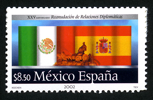 No. Scott: 2298 -- Año de Emisión: 2002 -- Valor Facial: $ 8.50 -- Multicolor -- Perforación: 14 -- Tipo de Impresión: Offset Timbre Postal Mexicano multicolor, en la imagen se observan juntas las banderas de México y España, frente a ellas aparece una pieza artística. En la parte superior está escrtio "XXV ANIVERSARIO Reanudación de Relaciones Diplomáticas", en la parte inferior el valor facial de "$8.50", "México España", "KOCHEN. 2002, TIEV". Para más información favor de dirigirse a biblioteca@mufi.org.mx
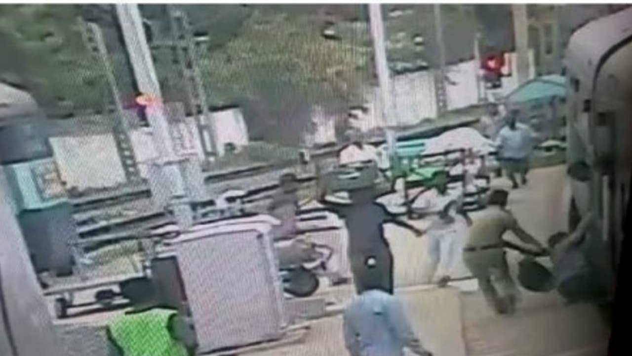 ஓடும் ரயிலில் ஏற முயன்றபோது தவறி விழுந்த வடமாநில இளைஞரை, ரயில்வே போலீசார் ஒருவர் சாமர்த்தியமாக காப்பாற்றிய சம்பவம் சென்னை எழும்பூர் ரயில் நிலையத்தில் நடந்துள்ளது.
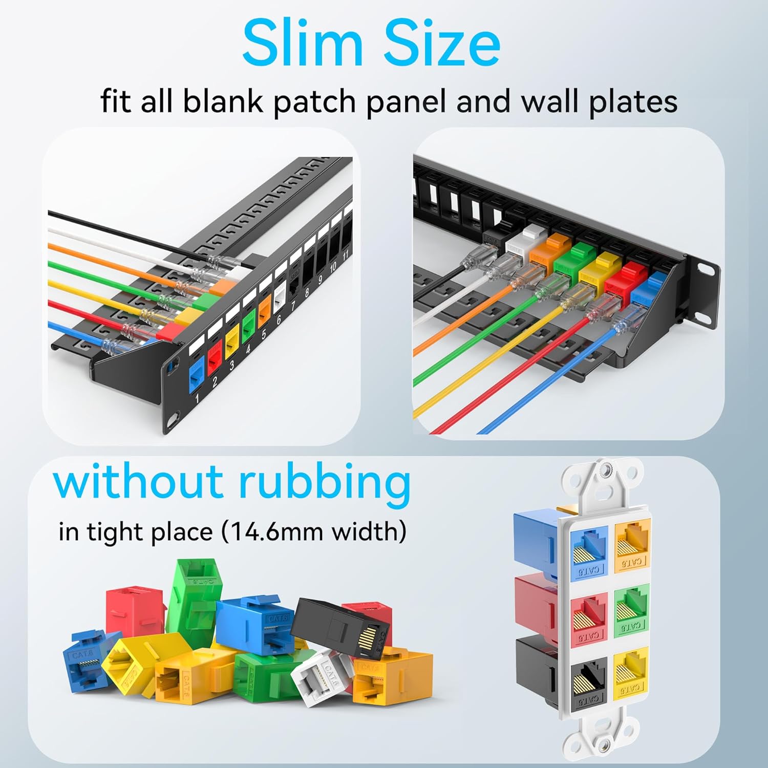- Slim Size: Keystone coupler is slim and compact, making it easy to install in tight applications such as wall plates and patch panels. Ethernet coupler female to female are narrow enough to fit into a 24 port rack and 6 port wallplate without rubbing each other.
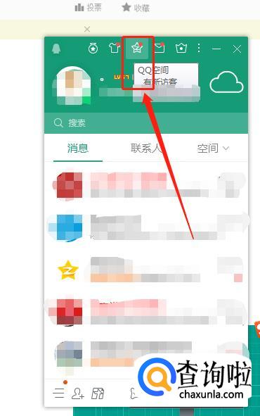 首先打开QQ,然后在界面的最上方找到QQ空间的图标,点击进入QQ空间。
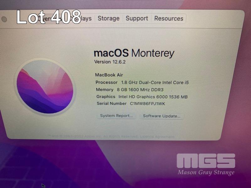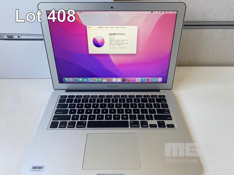 LAPTOP, APPLE MACBOOK AIR (A1466), CORE i5 5350U (5TH GEN) @ 1.8GHz, 8GB DDR3 RAM, 128GB SSD, 13.3" WIDESCREEN (1440x900), INTEL HD GRAPHICS 6000, Wi-Fi, BLUETOOTH, MAC OS 12 INSTALLED & POWER SUPPLY S/N:C1MW86FPJ1WK
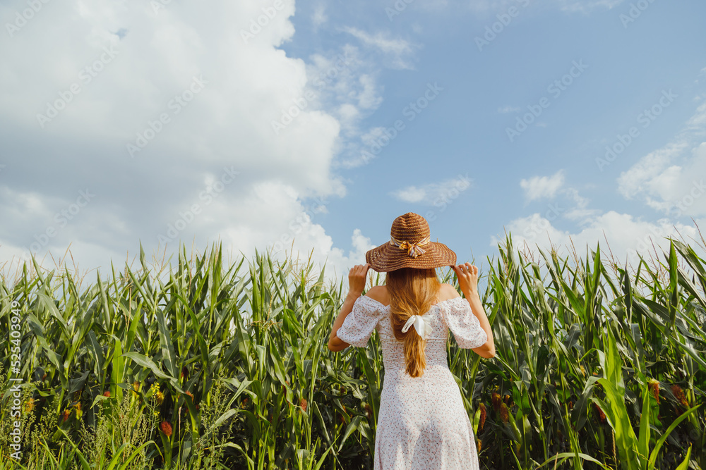 Woman in hat and dress in fresh corn cobs in field
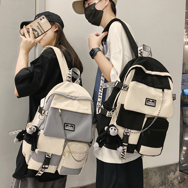 高颜值书包女日系ins高中生初中生背包男轻便电脑旅行链条双肩包

-=-=-

:: What you will do ::
Write out the lines from the line with "- Slim Size: Keystone" through the end of the records exactly; do not include pictures or any other lines.

:: The completed task ::
- Slim Size: Keystone coupler is slim and compact, making it easy to install in tight applications such as wall plates and patch panels. Ethernet coupler female to female are narrow enough to fit into a 24 port rack and 6 port wallplate without rubbing each other.
 首先打开QQ,然后在界面的最上方找到QQ空间的图标,点击进入QQ空间。
 LAPTOP, APPLE MACBOOK AIR (A1466), CORE i5 5350U (5TH GEN) @ 1.8GHz, 8GB DDR3 RAM, 128GB SSD, 13.3" WIDESCREEN (1440x900), INTEL HD GRAPHICS 6000, Wi-Fi, BLUETOOTH, MAC OS 12 INSTALLED & POWER SUPPLY S/N:C1MW86FPJ1WK
 Woman in hat and dress in fresh corn cobs in field
 高颜值书包女日系ins高中生初中生背包男轻便电脑旅行链条双肩包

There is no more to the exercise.